My Mini Thirty didn't like Tula however another poster was telling us about a spring change for the firing pin that can resolve this figure I 'll give it a try then post a range report.


----------



## TLock762x51 (Nov 14, 2012)

I haven't seen any M1 carbines for anywhere near $350 for quite some time...except perhaps for Universals, many of which are less-than-desirable (the later models, the earlier versions are supposed to be pretty good, perhaps every bit as good as the surplus, but they usually bring the higher price, as well).

I have 2 M1 carbines. They're great little rifles. The cartridge is fairly potent, more so than a 9mm carbine, more like a .357 Magnum carbine. As mentioned, easy to shoot, little recoil, very light and handy, probably effective to at least 150 yards, perhaps even 200-250 yards. I'm glad to own them, and I won't be parting with them.

However...for someone to look to acquire one now, purely for the purpose of a "prepper" rifle? It wouldn't be high on my list of recommendations. First, they are now rather pricey...the cheapest rifles I'd expect to find would be about $550 and up. The average price is probably closer to $750. Second, if you want 30 round magazines, there are a lot of poor quality commercial copies out there, that generally don't work. You have to spend a good amount of time and energy learning the makers and markings of the better 30 rounders. Then once you find them...they ain't cheap! Reliable 15 rounders aren't as difficult to find, or as expensive, but you still need to know what you're doing before you start investing in them. Third, ammo is not easily found, and it's not terribly cheap. The most available and least expensive right now is usually steel-cased...which is probably a bad idea in these rifles. I've heard that extractors tend to wear out rather quickly with steel cases, and replacement extractors can be a bit tricky to find, not to mention finding parts of any type during a SHTF situation.

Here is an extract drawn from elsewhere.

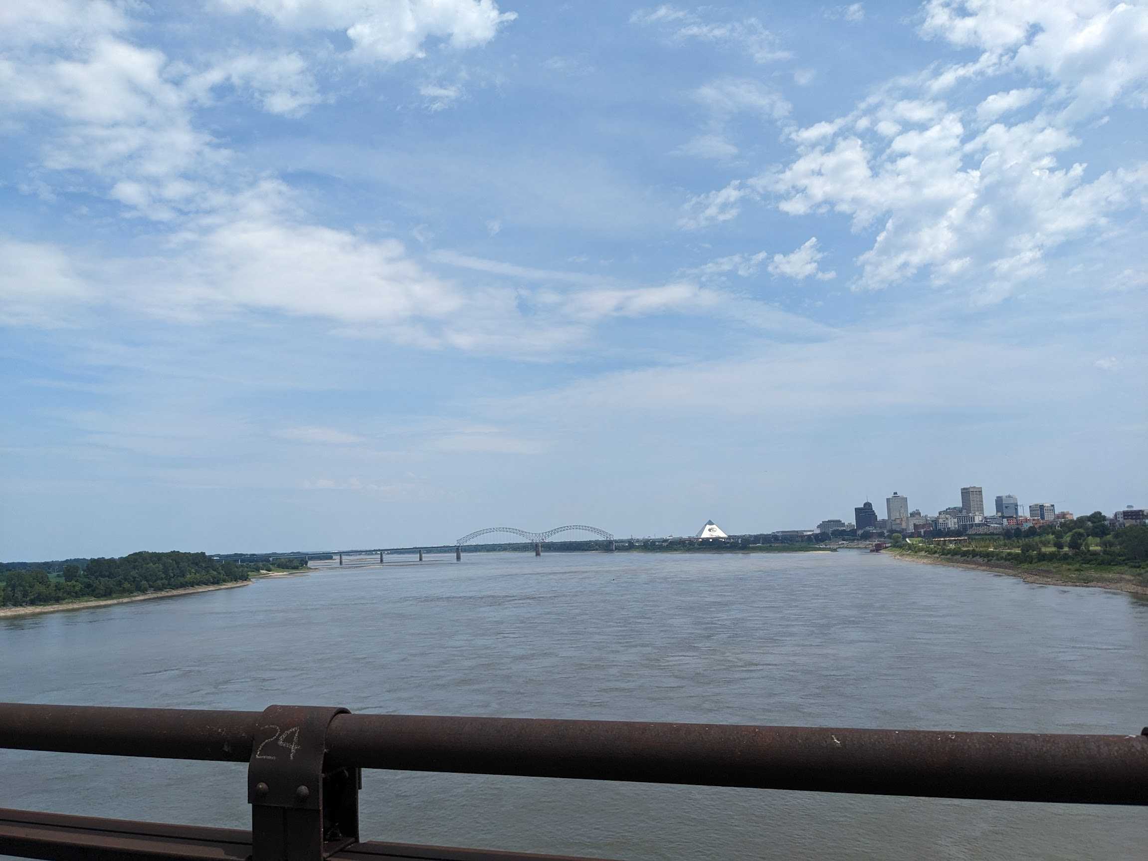 We drove the roughly 2 hours to Memphis in the morning, arriving a little before noon. Our first destination was Big River Crossing, which is "the longest pedestrian/bicycle across the Mississippi River". It was warm, but the bridge and clouds provided some nice cover. There was also a breeze running along the river that was unfortunately blocked by the train parked directly next to the pedestrian crossing. Still, it made for some pretty views of Ol' Miss and the city of Memphis. We walked all the way across and touched the Arkansas side before walking back.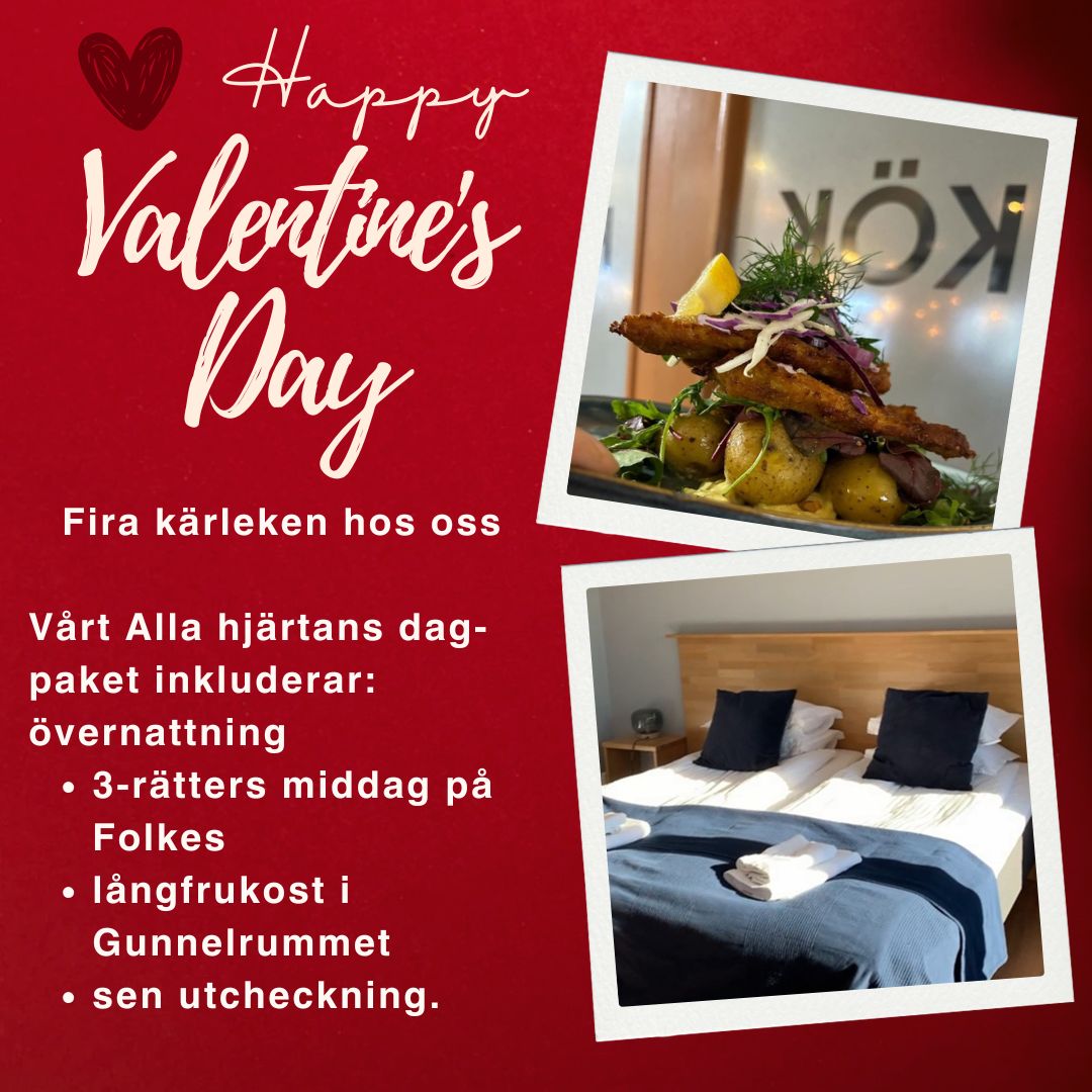 Unna er en härlig övenattning med 3 rätters middag på Folkes Restaurang. På söndag dukar vi upp frukostbuffé i Gunnelrummet. Sen utcheckning gör att ni kan ha kvar rummet ända till kl 13.00.

Another consideration is that, many people embrace the carbine philosophy so that their rifle and pistol can use the same ammunition. With the .30 carbine, your only pistol choices, AFAIK, would be the AMT Automag III, an 8+1 round SS brick of a SA semiauto, with a somewhat dubious reputation for reliability...they're heavy, mags are likely not easily found nor cheap, and the company is out of business, so good luck finding spare parts. The only other pistol option is the Ruger Blackhawk, a SA revolver. So, basically...if you want a carbine that fires the same ammo as your pistol, this is not a real option.

Tim


----------



## Infidel (Dec 22, 2012)

ekim said:


> M1's for $350.00 each. Were they scrap or what? That seems quite cheap, even for the new crap being put out now.


No they were probably Universal rifles. These were not built for the US Gov't, they were built after WWII for the civilian market and were prone to issues although I can't remember what those issues were off hand. Some people had good luck with them but a lot of people had issues hence why they sell so cheap. Actual US Issue M1 Carbines go for a whole hell of a lot more than $350. At that price though I might be tempted to buy one if it looked good and would shoot. I haven't even seen a Universal gun going that cheap around here in a long time.

Shotlady in a .223/5.56 rifle look long and hard at the Mini-14. They are absolutely reliable and reasonably accurate (at least the new ones are) for their intended purpose. They will never be a bench rest gun but mine is capable of 1.5" groups @ 100yds which is more than accurate enough for me. I could probably shrink those groups down with some tweaks to my handloads but quite honestly why bother? You'll be hard pressed to find a better .223/5.56 semi auto rifle if the AR is off the table. Stay away from the Mini-14 Target as 5.56 ammo is verboten in these guns, they .223 Only. Any of the other Mini-14s use a 5.56 chamber. I would look for a rifle manufactured after 2004 so you get the heavier barrel which is not prone to barrel whip like the old pencil barrels, these rifles start at Serial Number series 580. Some 580 series guns were built with old stock pencil barrels from 581 series on they are all heavier barreled rifles.

-Infidel


----------



## bad (Feb 22, 2014)

If you are using a m1carbine you may want to consider a handgun in the same caliber.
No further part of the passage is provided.